Use a Dust Collection System
It's a good idea to choose a belt sander with a dust collection system, such as a filter bag or vacuum. In addition to protecting the motor from unnecessary wear, this also reduces exposure to particulate matter -- small pieces of wood and dust that you may otherwise inhale into your lungs.
Wear Impact-Resistant Eyewear
Don't forget to wear impact-resistant eyewear when using a belt sander. This is arguably the single most important piece of personal protective equipment (PPE) for using a belt sander. With its high-power motor, the sander can literally shoot chunks of wood into the air. Without the appropriate impact-resistant eyewear, this could result in serious eye injury or even vision loss. Problems such as these are easily avoided, however, by equipping yourself with the right PPE, including eyewear.

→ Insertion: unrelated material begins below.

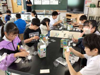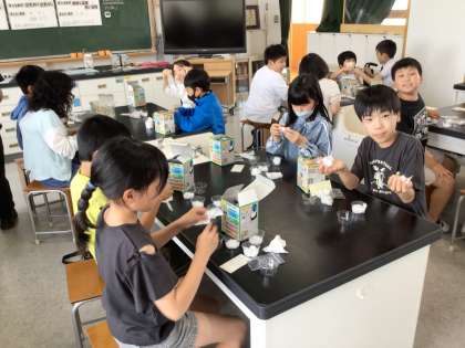 植物の発芽条件を調べる実験の準備をしています。うまく発芽するように、丁寧に種を入れています。

Sand with Belt Motion Away from Your Body
When using a belt sander, position it and the object so the belt motion is away from your body. This reduces the risk of a belt accidentally hitting your body and causing injury.
Inspect Belts and Discs Prior to Use
It's a good idea to inspect the sander's belts and discs prior to use, checking to ensure they are in tact and not damaged. If either the belt or disc is damaged, you should refrain from using the sander until the respective item is replaced. Additionally, you should check to make sure all discs are properly secured and not loose.
Use Two Hands
A belt sander requires two hands to "safely" operate: one hand should be placed on the trigger switch, while the other hand should be planed on the handle knob.
Keeps Hands Away from the Belt
I know this probably sounds like common sense, but it's still worth mentioning that you should keep your hands away from the sander's belt at all times while in operation.
These are just a few safety tips to reduce the risk of injury when using a belt sander.